AWS DynamoDB is a key-value data store native to AWS, Amazon Web Services.  This collection of services rivals Azure for cloud services with some services like RedShift (for BI/analytics), RDS (for relational) and DynamoDB (for non-relational) data gaining traction.  DynamoDB is an ideal key-value store which can be queried easily and from an object-oriented language.  However, it is not a relational data store.  There is no fixed schema nor constraints other than basic data types.  While it's ideal for web developers to store state values, session information or other pertinent facts, there are sometimes cases where it would be useful to import this data into a relational database in order to query it more effectively and join it to other useful data to gain business insights.

Prerequisites

To follow this tip, you will need:

  • An Amazon AWS account.  You can sign up for free, and the DynamoDB product is available under the Free Tier.  Sign up at https://aws.amazon.com.
  • SQL Server 2017 with Machine Learning services (R, Python) installed.  If you have 2017 and this isn't installed, don't worry.  You can use the SQL Server Installer to add these features to your instance.  If you're operating on 2016 this tip should also work for you although you may need to modify the Python script accordingly if any syntax returns as invalid.  Unfortunately, this tip is not suitable if you're operating on SQL Server 2014 or below.

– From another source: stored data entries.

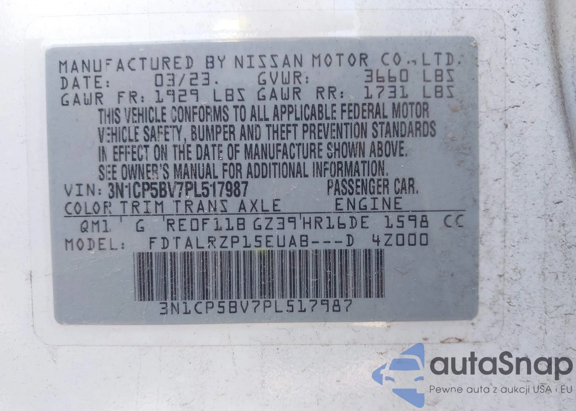 VIN: 3N1CP5BV7PL517987
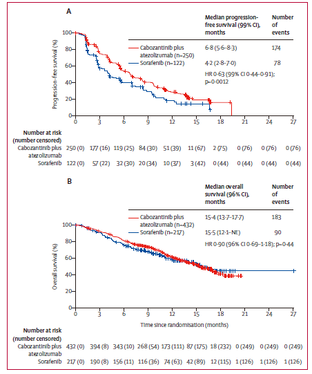 該研究采用雙終點,即由盲態(tài)獨立評審委員會(BIRC)先對前372名隨機分配到卡博替尼聯(lián)合阿替利珠單抗組或索拉非尼組ITT人群的PFS(RECIST 1.1)以及所有患者的OS。
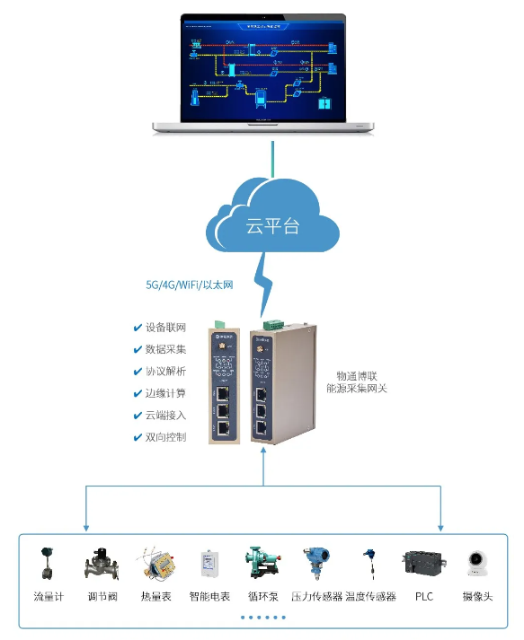 通過部署能源數(shù)采網(wǎng)關(guān),能夠?qū)崟r(shí)采集流量計(jì)、智能電表、熱量表、稱重儀器、循環(huán)泵、調(diào)節(jié)閥、溫度傳感器、壓力傳感器等設(shè)備,將供熱量、耗汽量、耗水量、耗電量、燃料消耗量、余熱利用量、溫度、壓力等數(shù)據(jù)對(duì)接到智慧供熱能源管理平臺(tái)中,從而將熱源、管網(wǎng)、中繼泵站、熱力站等納入統(tǒng)一的節(jié)能評(píng)價(jià)系統(tǒng)中,實(shí)現(xiàn)對(duì)能源的監(jiān)測(cè)、管理、統(tǒng)計(jì)與分析,助力提高能源利用效率與管理水平,實(shí)現(xiàn)節(jié)能、降本與增效的全面發(fā)展。
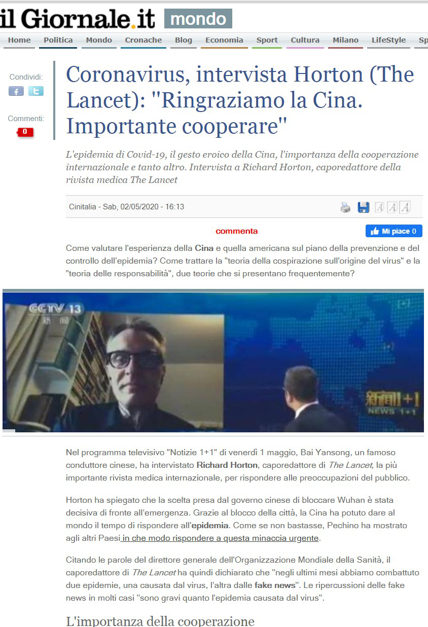 意大利《日報(bào)》:《〈柳葉刀〉總編接受專訪:感謝中國在抗擊疫情中作出的努力,國際合作至關(guān)重要》

Creating a table and record in DynamoDB

Okay, so you've signed up with Amazon and you have a shiny new AWS account.  You will first need to configure your access keys.  There's a link to do this on the email AWS sent you when you signed up, or you can use the console to find Your Security Credentials.  When you reach a screen that looks similar to the below, expand 'Access Keys' and follow the on-screen prompts to download your access key and secret key pair.  Save these somewhere secure.

Your Security Credentials: Screenshot of how to set up an access key pair in AWS.

Next, let's create a new DynamoDB table.  On the Console home page, type 'DynamoDB' and find the DynamoDB resource page.  From there, you'll see the link to Create Table.  In DynamoDB, every table has a primary key (much like a clustered index in SQL Server) but at this point you don't need to specify any other columns.  There's also some settings you can play with around scale-out (which incur a cost), encryption and backup.

Below is a screenshot of my empty Employee table.  This table has the EmployeeID primary key.

Empty Employee table: A screenshot showing a table object in AWS with no items in it.

Now, let's add an item to the table - by item, we mean row.  Bear in mind this is a key-value store, NOT a relational table so we have, effectively, two columns - the key, and the value.  So, the key is the column name of our data, and the value is the value!  But what about the datatype?  In DynamoDB, each key or value of each row of data can have its own datatype.  Datatype is NOT mandated by column as in a relational database - to put it formally, each column of a relational database is constrained by a domain of possible values.  In DynamoDB, this domain is applied at the individual field level, not the column level.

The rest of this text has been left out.